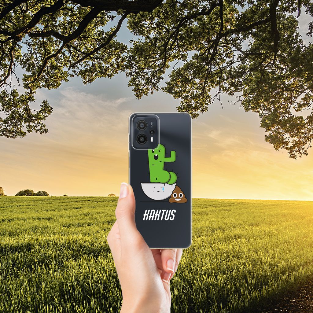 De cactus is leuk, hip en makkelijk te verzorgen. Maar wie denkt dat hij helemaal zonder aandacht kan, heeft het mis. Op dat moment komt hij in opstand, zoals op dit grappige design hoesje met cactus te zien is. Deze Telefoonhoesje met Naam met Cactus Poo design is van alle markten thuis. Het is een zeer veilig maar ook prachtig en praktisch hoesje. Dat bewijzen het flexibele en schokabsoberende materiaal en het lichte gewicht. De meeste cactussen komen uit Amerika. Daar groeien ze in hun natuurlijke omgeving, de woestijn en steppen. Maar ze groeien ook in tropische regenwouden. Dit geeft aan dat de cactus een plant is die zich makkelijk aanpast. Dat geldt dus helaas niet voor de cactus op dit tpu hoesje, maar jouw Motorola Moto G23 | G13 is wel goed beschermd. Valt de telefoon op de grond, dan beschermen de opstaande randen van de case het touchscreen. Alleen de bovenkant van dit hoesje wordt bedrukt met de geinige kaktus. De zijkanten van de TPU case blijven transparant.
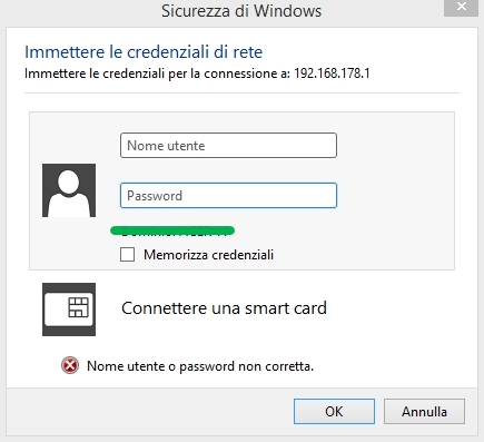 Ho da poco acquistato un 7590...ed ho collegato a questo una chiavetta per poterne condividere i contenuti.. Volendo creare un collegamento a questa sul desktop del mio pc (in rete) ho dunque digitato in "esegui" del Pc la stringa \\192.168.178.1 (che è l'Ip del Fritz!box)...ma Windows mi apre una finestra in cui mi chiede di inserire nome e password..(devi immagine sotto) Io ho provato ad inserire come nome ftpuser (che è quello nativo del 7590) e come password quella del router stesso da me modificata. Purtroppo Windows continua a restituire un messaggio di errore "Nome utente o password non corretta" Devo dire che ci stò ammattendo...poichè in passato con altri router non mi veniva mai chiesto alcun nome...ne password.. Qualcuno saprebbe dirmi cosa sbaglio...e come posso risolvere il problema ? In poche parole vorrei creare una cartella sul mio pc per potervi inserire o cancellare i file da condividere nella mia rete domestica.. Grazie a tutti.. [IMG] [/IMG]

* * *

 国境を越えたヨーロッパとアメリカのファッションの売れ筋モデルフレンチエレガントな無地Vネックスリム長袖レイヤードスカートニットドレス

* * *

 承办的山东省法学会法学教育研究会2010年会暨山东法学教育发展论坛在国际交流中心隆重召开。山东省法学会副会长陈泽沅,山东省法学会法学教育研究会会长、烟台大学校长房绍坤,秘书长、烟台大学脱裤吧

* * *

▶ The problem:
What is wanted is an exact copy of the lines above from the one containing "De cactus is" through the one containing "Ho da poco acquistato", with no pictures in it.

▶ Expected answer:
 De cactus is leuk, hip en makkelijk te verzorgen. Maar wie denkt dat hij helemaal zonder aandacht kan, heeft het mis. Op dat moment komt hij in opstand, zoals op dit grappige design hoesje met cactus te zien is. Deze Telefoonhoesje met Naam met Cactus Poo design is van alle markten thuis. Het is een zeer veilig maar ook prachtig en praktisch hoesje. Dat bewijzen het flexibele en schokabsoberende materiaal en het lichte gewicht. De meeste cactussen komen uit Amerika. Daar groeien ze in hun natuurlijke omgeving, de woestijn en steppen. Maar ze groeien ook in tropische regenwouden. Dit geeft aan dat de cactus een plant is die zich makkelijk aanpast. Dat geldt dus helaas niet voor de cactus op dit tpu hoesje, maar jouw Motorola Moto G23 | G13 is wel goed beschermd. Valt de telefoon op de grond, dan beschermen de opstaande randen van de case het touchscreen. Alleen de bovenkant van dit hoesje wordt bedrukt met de geinige kaktus. De zijkanten van de TPU case blijven transparant.
 Ho da poco acquistato un 7590...ed ho collegato a questo una chiavetta per poterne condividere i contenuti.. Volendo creare un collegamento a questa sul desktop del mio pc (in rete) ho dunque digitato in "esegui" del Pc la stringa \\192.168.178.1 (che è l'Ip del Fritz!box)...ma Windows mi apre una finestra in cui mi chiede di inserire nome e password..(devi immagine sotto) Io ho provato ad inserire come nome ftpuser (che è quello nativo del 7590) e come password quella del router stesso da me modificata. Purtroppo Windows continua a restituire un messaggio di errore "Nome utente o password non corretta" Devo dire che ci stò ammattendo...poichè in passato con altri router non mi veniva mai chiesto alcun nome...ne password.. Qualcuno saprebbe dirmi cosa sbaglio...e come posso risolvere il problema ? In poche parole vorrei creare una cartella sul mio pc per potervi inserire o cancellare i file da condividere nella mia rete domestica.. Grazie a tutti.. [IMG] [/IMG]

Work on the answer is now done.